THE TASK — Could you print, exactly and without pictures, only the lines from the one with "В статье раскрывается" through the end of the records below?

[Dataset records]
--- START ---
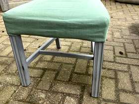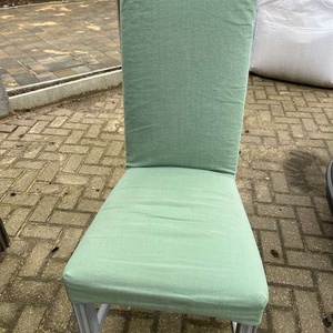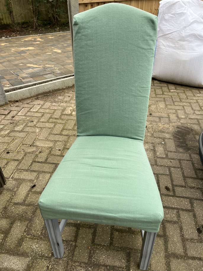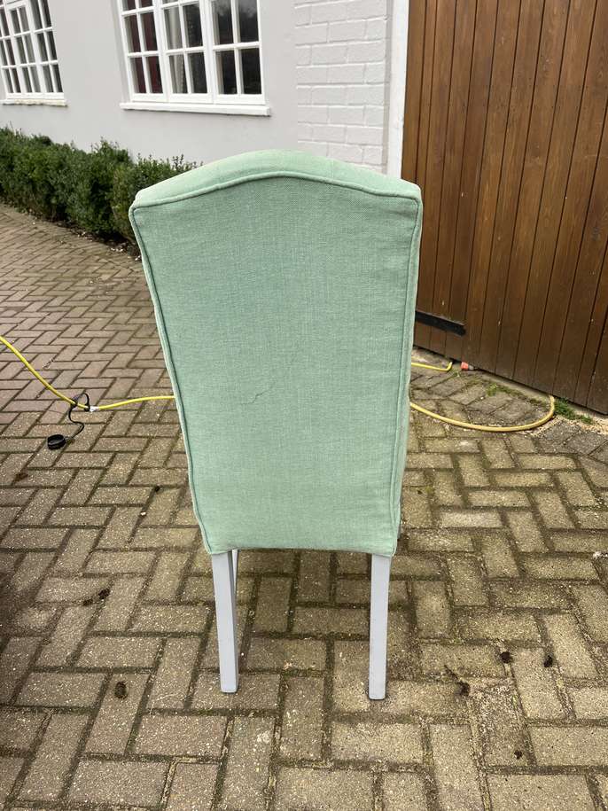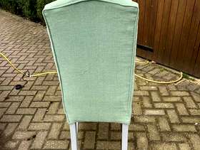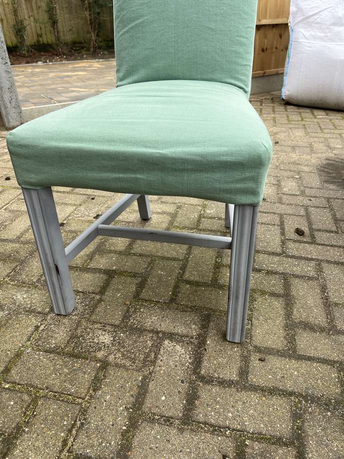 Set of eight comfortable traditional style dining chairs. Loose covers can be removed. Legs painted, originally stained wood, could be restored or repainted
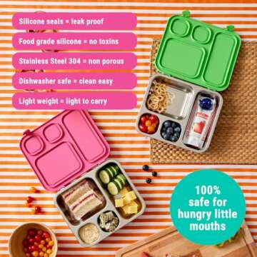 Show moreIntroducing the Elk and Friends Kids Stainless Steel Bento Box, a remarkable lunch container designed specifically for little ones and peace of mind for parents! This thoughtfully engineered bento box not only offers your toddler an enjoyable way to pack their favorite meals and snacks but also promotes healthier eating habits. With its vibrant colors and playful design, this lunch box is made from top-quality Stainless Steel 304 and Food Grade Silicone, ensuring it is both durable and safe for daily use. Plus, its four spacious compartments allow for a variety of delicious kid-friendly options, making mealtime fun and exciting every day!
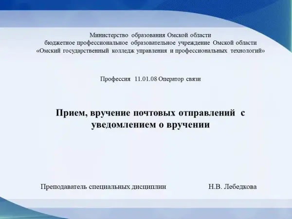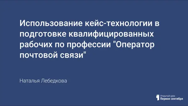 В статье раскрывается применение современных образовательных технологий, а именно кейс-технология при подготовке студентов по профессии 11.01.08 Оператор связи. Представлены задания в виде кейс-метода по ПМ 01 Прием, сортировка, вручение и контроль почтовых отправлений, оформление почтовых операций.
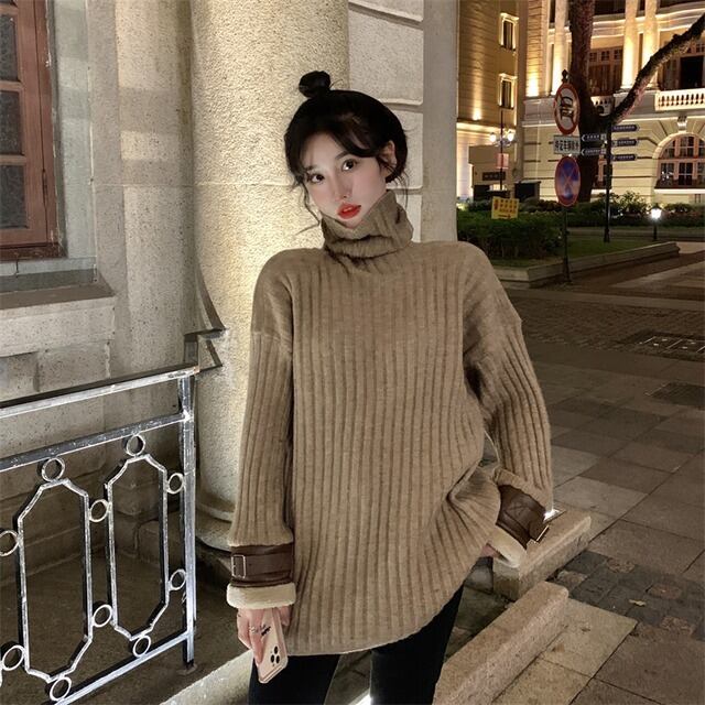 ハイネックセーター レディース 丈長め タートルネック ベルト飾り ドロップショルダー 茶系 白 チュニック ニットセーター 冬アイテム ナチュラル系 トラッド 可愛い おしゃれ トレンド 合わせやすい 着まわせる ラテコーデ 簡単コーデ ヒップカバー お腹カバー 着やすい プルオーバー カジュアル ラフ ゆったりサイズ カフェ ショッピング デート ランチ ワンマイルスタイル 普段使い 韓国ファッション 韓国服 低価格 お買い得 プチプラ 高見え インポート 輸入服 高コスパ 10代 20代 30代
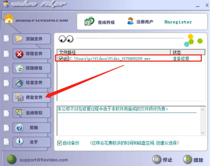 3、接下来,我们可以看到刚才导入的视频已经默认被勾选,我们直接点击界面左侧的“修复文件”按钮,FixVideo便开始修复视频。
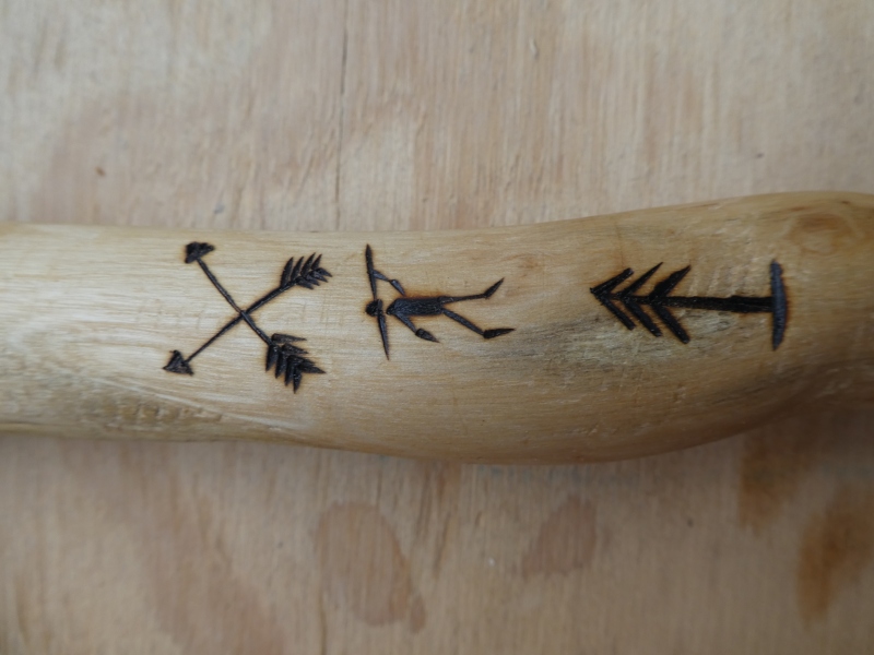 Die aus Lindenbast gedrehte Schnur dient als griffige Wicklung und Brandzeichen geben die individuelle Note.
--- END ---
RESULT OF THE TASK —
 В статье раскрывается применение современных образовательных технологий, а именно кейс-технология при подготовке студентов по профессии 11.01.08 Оператор связи. Представлены задания в виде кейс-метода по ПМ 01 Прием, сортировка, вручение и контроль почтовых отправлений, оформление почтовых операций.
 ハイネックセーター レディース 丈長め タートルネック ベルト飾り ドロップショルダー 茶系 白 チュニック ニットセーター 冬アイテム ナチュラル系 トラッド 可愛い おしゃれ トレンド 合わせやすい 着まわせる ラテコーデ 簡単コーデ ヒップカバー お腹カバー 着やすい プルオーバー カジュアル ラフ ゆったりサイズ カフェ ショッピング デート ランチ ワンマイルスタイル 普段使い 韓国ファッション 韓国服 低価格 お買い得 プチプラ 高見え インポート 輸入服 高コスパ 10代 20代 30代
 3、接下来,我们可以看到刚才导入的视频已经默认被勾选,我们直接点击界面左侧的“修复文件”按钮,FixVideo便开始修复视频。
 Die aus Lindenbast gedrehte Schnur dient als griffige Wicklung und Brandzeichen geben die individuelle Note.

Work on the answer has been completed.